Only the lines from the one containing "clean, polished look" through the end of the listing are to be repeated, exactly and without pictures.

**DATA**.
▬▬▬▬▬▬

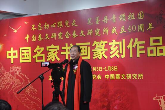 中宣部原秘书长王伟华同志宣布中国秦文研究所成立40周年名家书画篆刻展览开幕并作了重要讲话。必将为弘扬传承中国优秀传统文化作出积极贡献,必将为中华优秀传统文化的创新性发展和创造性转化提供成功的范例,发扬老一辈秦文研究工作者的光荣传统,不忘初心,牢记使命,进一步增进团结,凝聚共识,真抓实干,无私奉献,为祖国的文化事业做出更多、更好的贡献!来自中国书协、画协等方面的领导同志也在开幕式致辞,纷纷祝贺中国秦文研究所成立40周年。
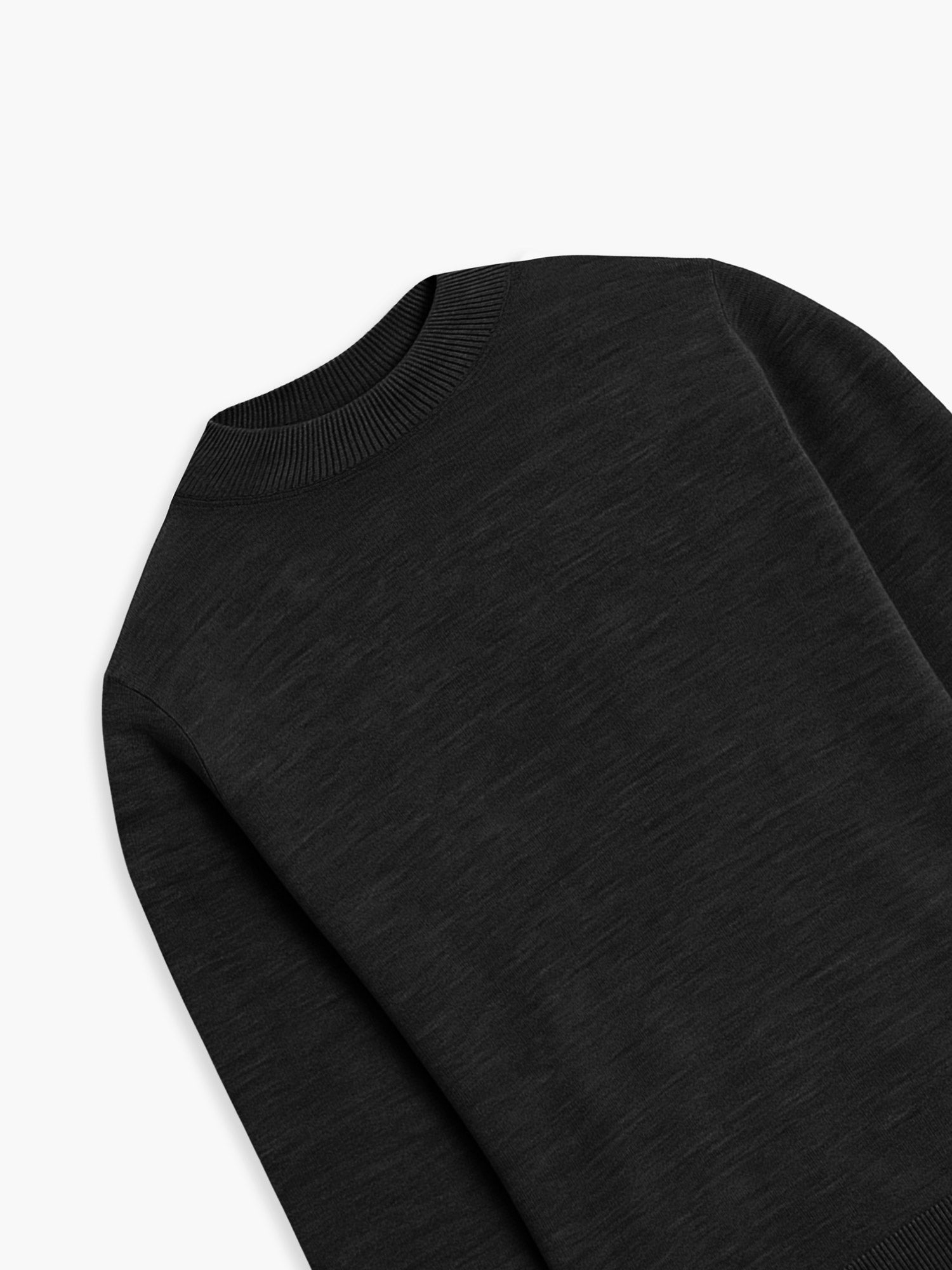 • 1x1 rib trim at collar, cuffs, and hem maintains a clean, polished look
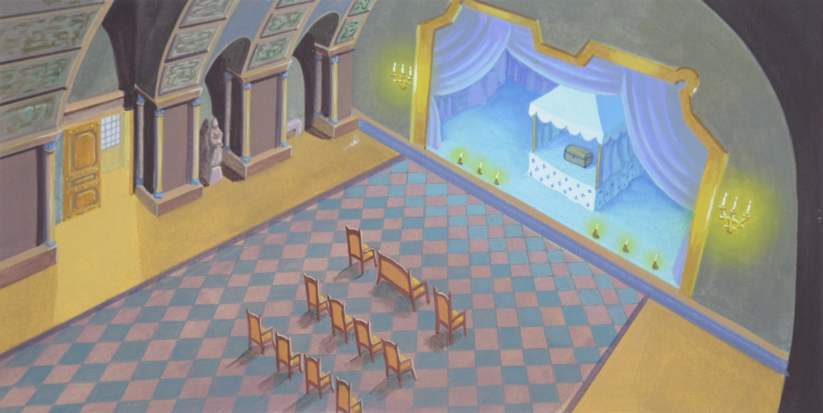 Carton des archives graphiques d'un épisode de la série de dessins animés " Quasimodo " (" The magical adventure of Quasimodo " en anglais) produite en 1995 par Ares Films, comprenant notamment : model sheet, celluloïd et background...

▬▬▬▬▬▬

**REPLY**.
 • 1x1 rib trim at collar, cuffs, and hem maintains a clean, polished look
 Carton des archives graphiques d'un épisode de la série de dessins animés " Quasimodo " (" The magical adventure of Quasimodo " en anglais) produite en 1995 par Ares Films, comprenant notamment : model sheet, celluloïd et background...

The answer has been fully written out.